%%
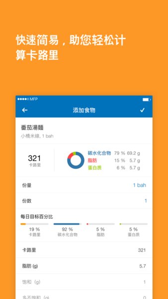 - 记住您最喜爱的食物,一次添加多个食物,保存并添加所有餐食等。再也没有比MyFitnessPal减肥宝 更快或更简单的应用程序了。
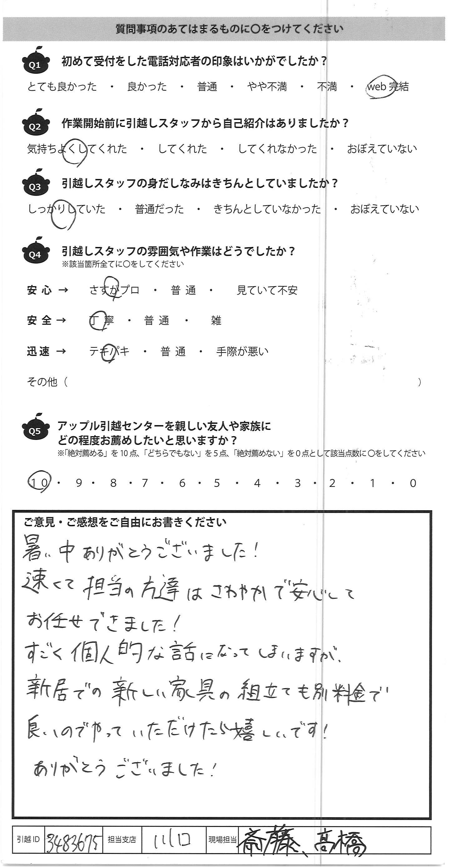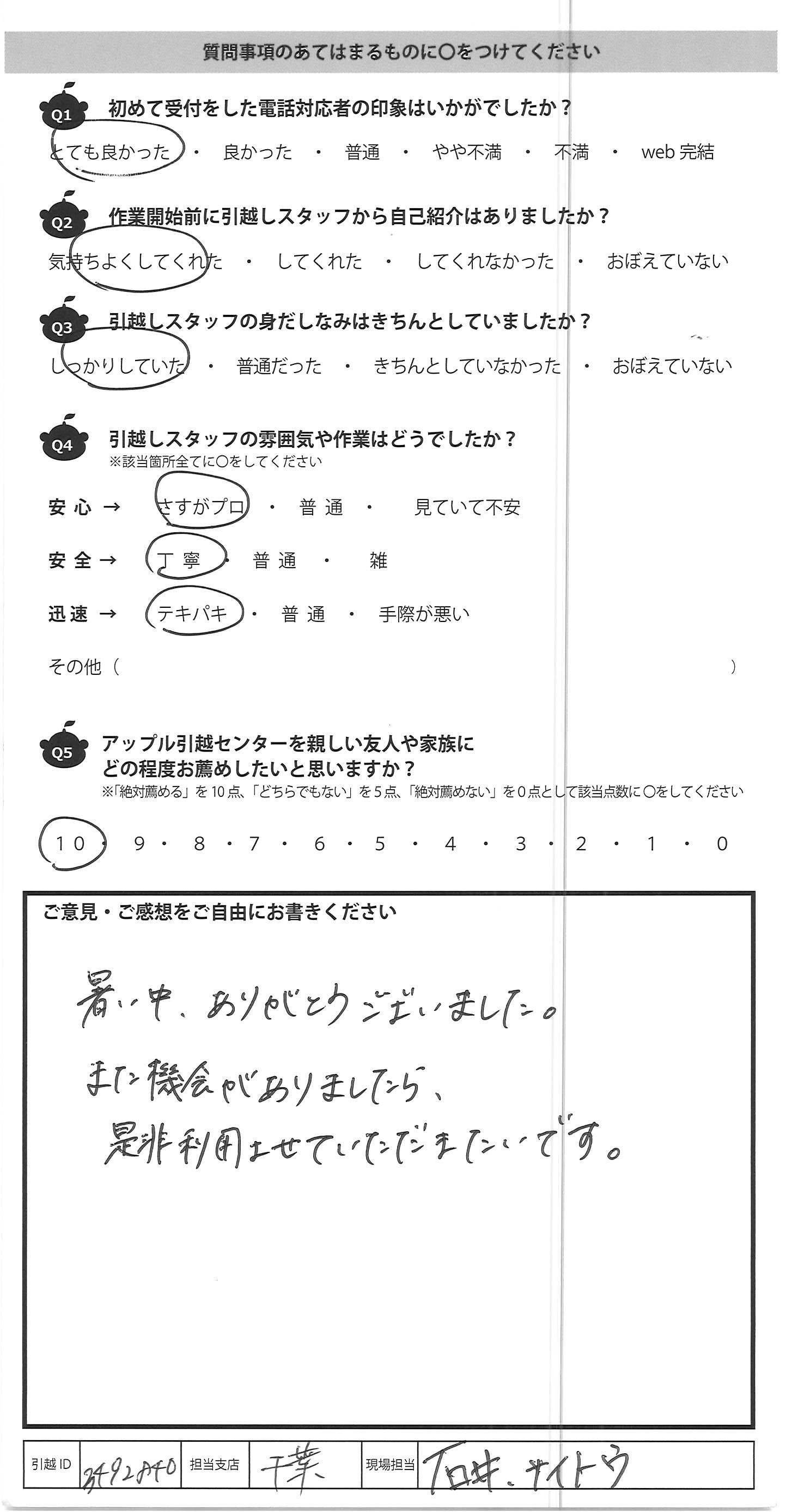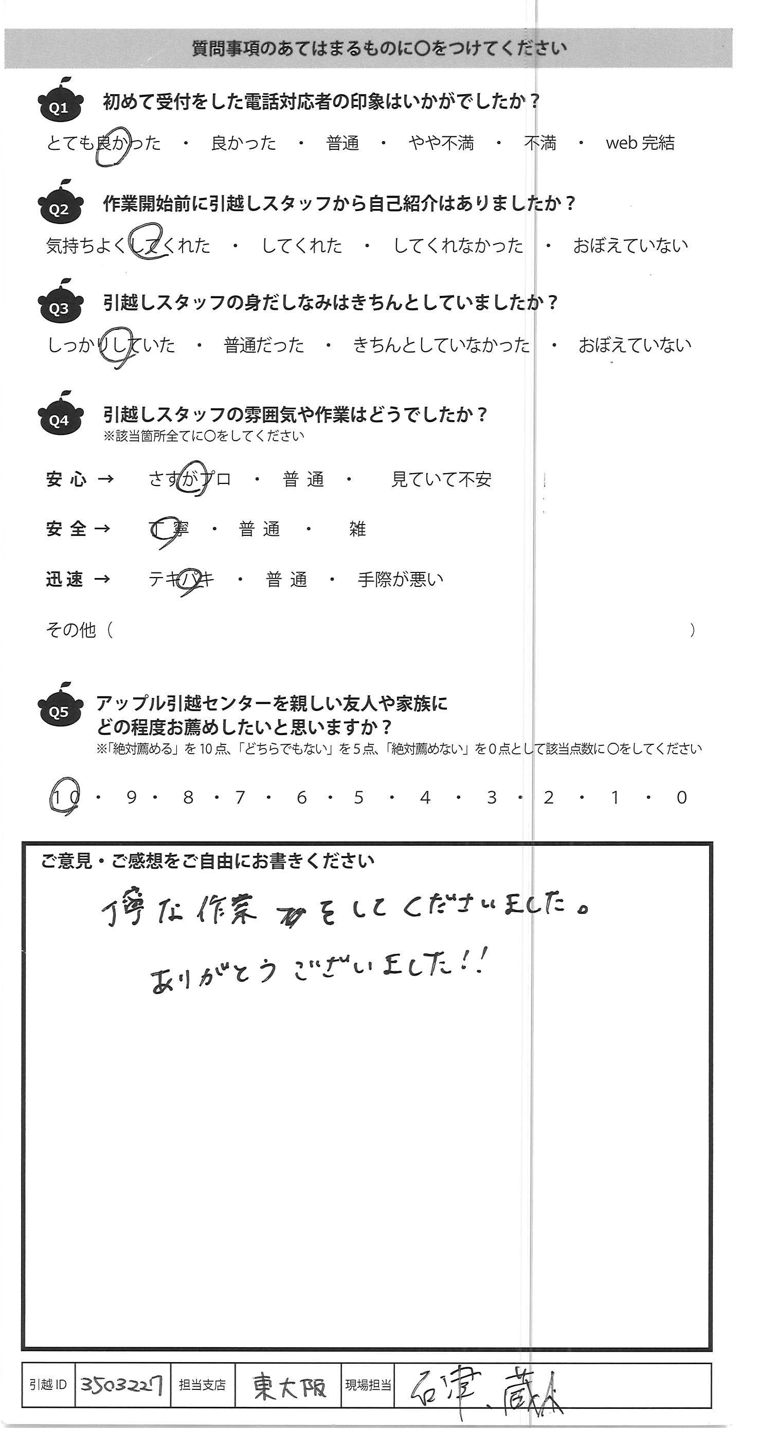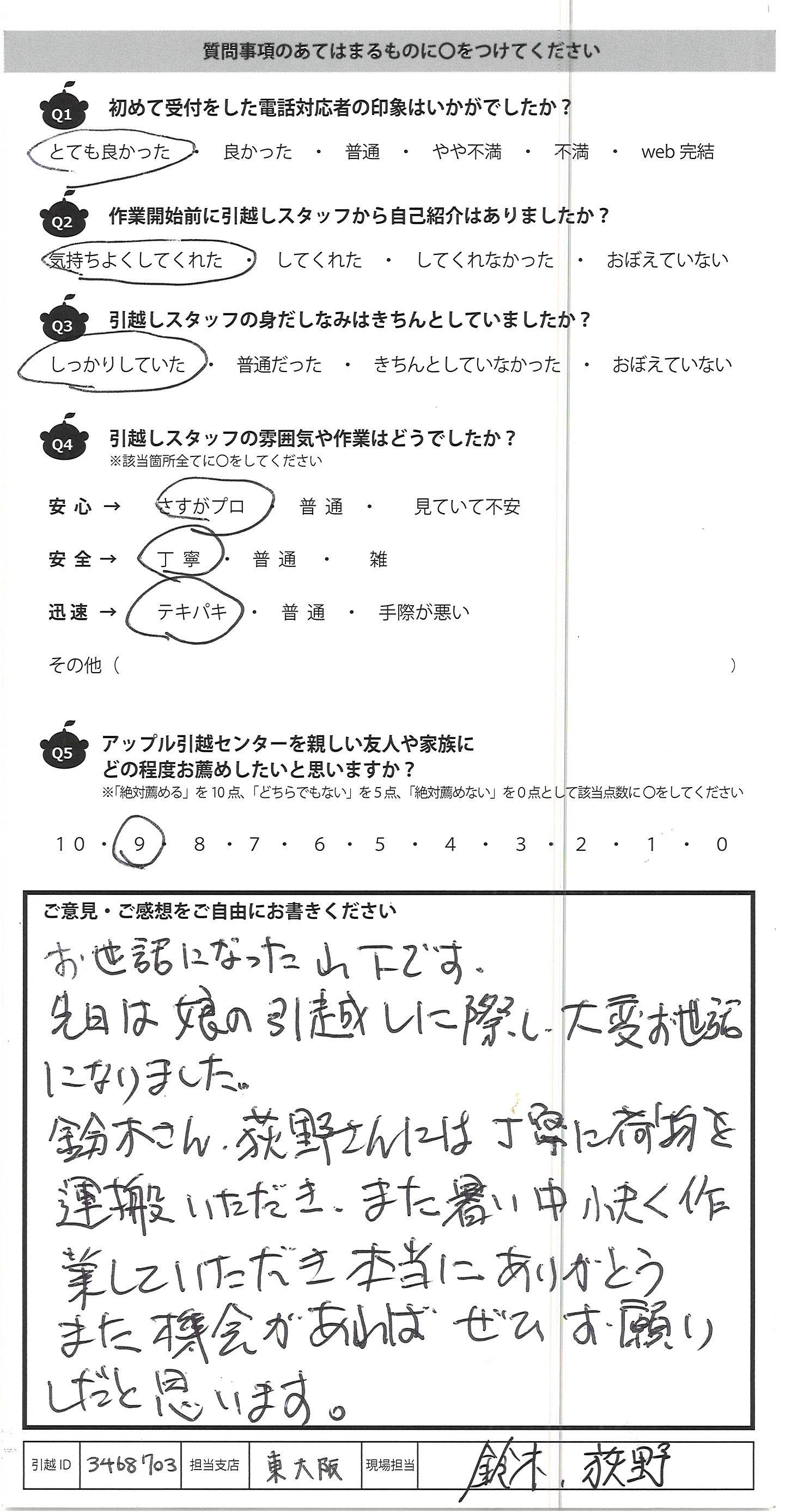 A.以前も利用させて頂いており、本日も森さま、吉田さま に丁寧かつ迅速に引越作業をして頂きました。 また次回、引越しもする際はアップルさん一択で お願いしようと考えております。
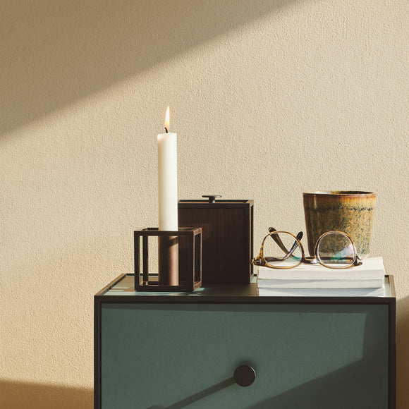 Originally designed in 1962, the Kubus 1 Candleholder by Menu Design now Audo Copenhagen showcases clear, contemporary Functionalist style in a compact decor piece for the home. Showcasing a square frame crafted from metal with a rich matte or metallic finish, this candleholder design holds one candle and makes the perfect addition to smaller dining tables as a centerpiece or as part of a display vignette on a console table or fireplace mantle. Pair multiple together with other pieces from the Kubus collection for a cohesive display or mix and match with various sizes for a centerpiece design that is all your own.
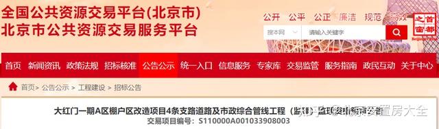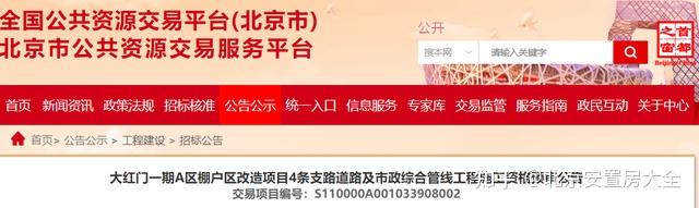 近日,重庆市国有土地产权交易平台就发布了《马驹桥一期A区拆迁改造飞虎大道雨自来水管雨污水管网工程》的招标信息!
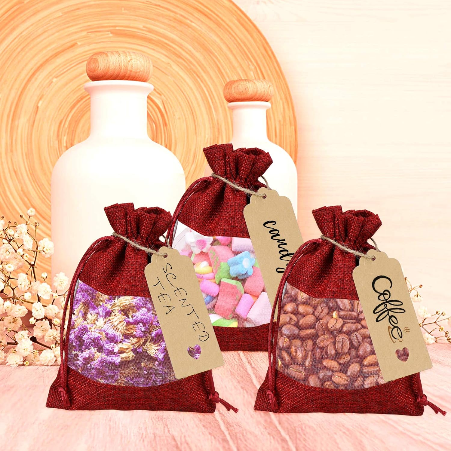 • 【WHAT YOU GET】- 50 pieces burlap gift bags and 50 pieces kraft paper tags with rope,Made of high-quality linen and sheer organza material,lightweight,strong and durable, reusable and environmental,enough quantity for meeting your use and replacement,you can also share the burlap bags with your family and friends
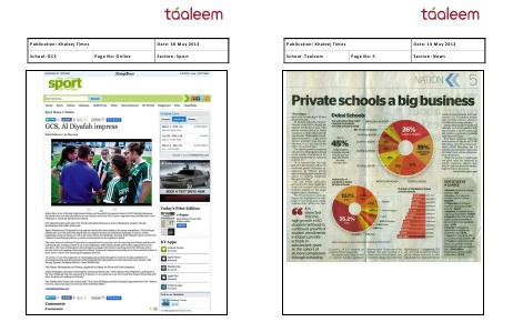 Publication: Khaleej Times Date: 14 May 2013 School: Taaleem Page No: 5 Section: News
%%
* _PROBLEM DETAILS_:
An exact copy of the data above is required, printed without its pictures.

* _RESULT BELOW_:
 - 记住您最喜爱的食物,一次添加多个食物,保存并添加所有餐食等。再也没有比MyFitnessPal减肥宝 更快或更简单的应用程序了。
 A.以前も利用させて頂いており、本日も森さま、吉田さま に丁寧かつ迅速に引越作業をして頂きました。 また次回、引越しもする際はアップルさん一択で お願いしようと考えております。
 Originally designed in 1962, the Kubus 1 Candleholder by Menu Design now Audo Copenhagen showcases clear, contemporary Functionalist style in a compact decor piece for the home. Showcasing a square frame crafted from metal with a rich matte or metallic finish, this candleholder design holds one candle and makes the perfect addition to smaller dining tables as a centerpiece or as part of a display vignette on a console table or fireplace mantle. Pair multiple together with other pieces from the Kubus collection for a cohesive display or mix and match with various sizes for a centerpiece design that is all your own.
 近日,重庆市国有土地产权交易平台就发布了《马驹桥一期A区拆迁改造飞虎大道雨自来水管雨污水管网工程》的招标信息!
 • 【WHAT YOU GET】- 50 pieces burlap gift bags and 50 pieces kraft paper tags with rope,Made of high-quality linen and sheer organza material,lightweight,strong and durable, reusable and environmental,enough quantity for meeting your use and replacement,you can also share the burlap bags with your family and friends
 Publication: Khaleej Times Date: 14 May 2013 School: Taaleem Page No: 5 Section: News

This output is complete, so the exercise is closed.